> How to complete this task: Here are the records. Write out exactly the lines between the one holding "General structure of" and the one holding "5、接着选择你想要提现的金额,只要满足阅读时长,就能完成提现。", inclusive.
Dataset records: Begin
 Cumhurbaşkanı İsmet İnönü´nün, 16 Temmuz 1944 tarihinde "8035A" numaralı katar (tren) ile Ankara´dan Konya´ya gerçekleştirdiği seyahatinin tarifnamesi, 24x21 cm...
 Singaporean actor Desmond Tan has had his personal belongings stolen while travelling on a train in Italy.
Dataset records: End
Dataset records: Begin
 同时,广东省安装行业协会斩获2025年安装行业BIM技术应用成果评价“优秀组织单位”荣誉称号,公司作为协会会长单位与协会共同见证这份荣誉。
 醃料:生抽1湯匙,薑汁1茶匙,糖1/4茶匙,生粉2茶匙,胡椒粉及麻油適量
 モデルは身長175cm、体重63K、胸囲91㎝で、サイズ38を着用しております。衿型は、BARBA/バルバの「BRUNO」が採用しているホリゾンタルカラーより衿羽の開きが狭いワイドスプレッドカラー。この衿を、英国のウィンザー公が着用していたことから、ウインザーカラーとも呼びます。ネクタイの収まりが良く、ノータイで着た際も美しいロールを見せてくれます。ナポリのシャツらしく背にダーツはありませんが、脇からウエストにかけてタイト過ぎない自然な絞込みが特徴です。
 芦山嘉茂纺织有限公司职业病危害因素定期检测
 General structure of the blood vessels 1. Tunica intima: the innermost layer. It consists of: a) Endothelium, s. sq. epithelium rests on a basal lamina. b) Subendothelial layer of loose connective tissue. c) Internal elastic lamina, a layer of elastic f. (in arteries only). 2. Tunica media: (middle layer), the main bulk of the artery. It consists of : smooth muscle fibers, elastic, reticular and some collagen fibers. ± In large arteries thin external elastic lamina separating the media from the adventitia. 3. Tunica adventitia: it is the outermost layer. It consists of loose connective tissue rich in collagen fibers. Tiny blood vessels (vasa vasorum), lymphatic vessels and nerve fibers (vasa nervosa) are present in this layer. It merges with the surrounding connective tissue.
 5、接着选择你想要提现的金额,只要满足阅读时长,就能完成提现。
Dataset records: End
> Exercise answer:
 General structure of the blood vessels 1. Tunica intima: the innermost layer. It consists of: a) Endothelium, s. sq. epithelium rests on a basal lamina. b) Subendothelial layer of loose connective tissue. c) Internal elastic lamina, a layer of elastic f. (in arteries only). 2. Tunica media: (middle layer), the main bulk of the artery. It consists of : smooth muscle fibers, elastic, reticular and some collagen fibers. ± In large arteries thin external elastic lamina separating the media from the adventitia. 3. Tunica adventitia: it is the outermost layer. It consists of loose connective tissue rich in collagen fibers. Tiny blood vessels (vasa vasorum), lymphatic vessels and nerve fibers (vasa nervosa) are present in this layer. It merges with the surrounding connective tissue.
 5、接着选择你想要提现的金额,只要满足阅读时长,就能完成提现。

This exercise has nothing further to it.